Jak zbudować zagraniczne kontakty
i rozwinąć swój podróżniczy biznes, nawet jeśli nie masz jeszcze nic poza marzeniem
Większość ludzi czeka na (iluzoryczny) moment: „aż będą gotowi”.
A Ty, też czekasz?
Ja nie.
Ja nie czekam – jestem tu po to, żeby poprowadzić Cię do działania z miejsca, w którym jesteś.
JESTEŚ GOTOWA.
Kim jestem ja? Za mikrofonem Agni – solo podróżniczka od 16 lat. Mieszkałam i pracowałam w 11 krajach na 4 kontynentach. Stworzyłam międzynarodową sieć kontaktów i otworzyłam własne biuro autorskich podróży. Na innym kontynencie. W innym języku. Sama. Z moim zapałem – czujesz iskrę? Chodź, Agni Cię rozpali.

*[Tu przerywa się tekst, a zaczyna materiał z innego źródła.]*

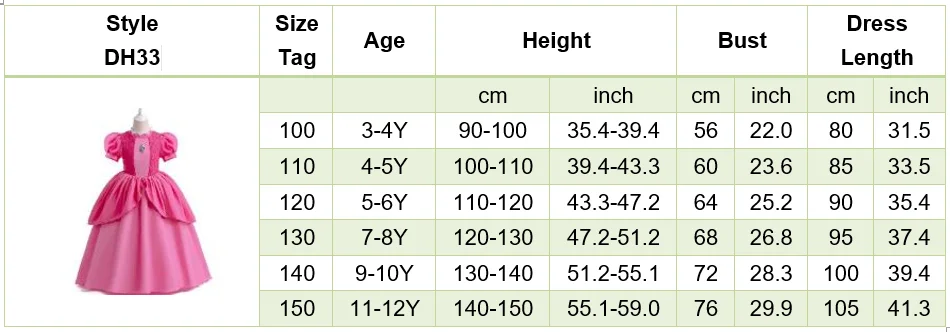Todos los vestidos tienen diferentes medidas debido a los diferentes estilos necesarios.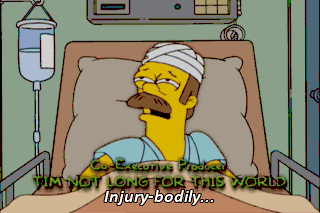 Injury-bodily... Ned, you nearly died of a brain tumor. Thank goodness that bowling ball knocked it out of your head! (CHUCKLES) Welcome back, dawg. (SCREAMS)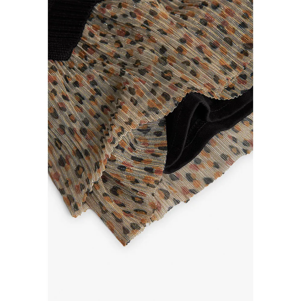 Сшитое из мягкой ткани, оно украшено элегантным цветочным рисунком в коричневых и бежевых тонах по низу, придающим ему особый колорит.

Nie potrzebujesz studiów z turystyki. Nie musisz znać pięciu języków.
Nie musisz mieć siatki kontaktów na LinkedIn. Mam klientów na moje tematyczne, autorskie podróże premium, płacących po 3000–4500 dolarów za osobę za wyjazd w grupie – a nie mam nawet tysiąca obserwujących na social mediach.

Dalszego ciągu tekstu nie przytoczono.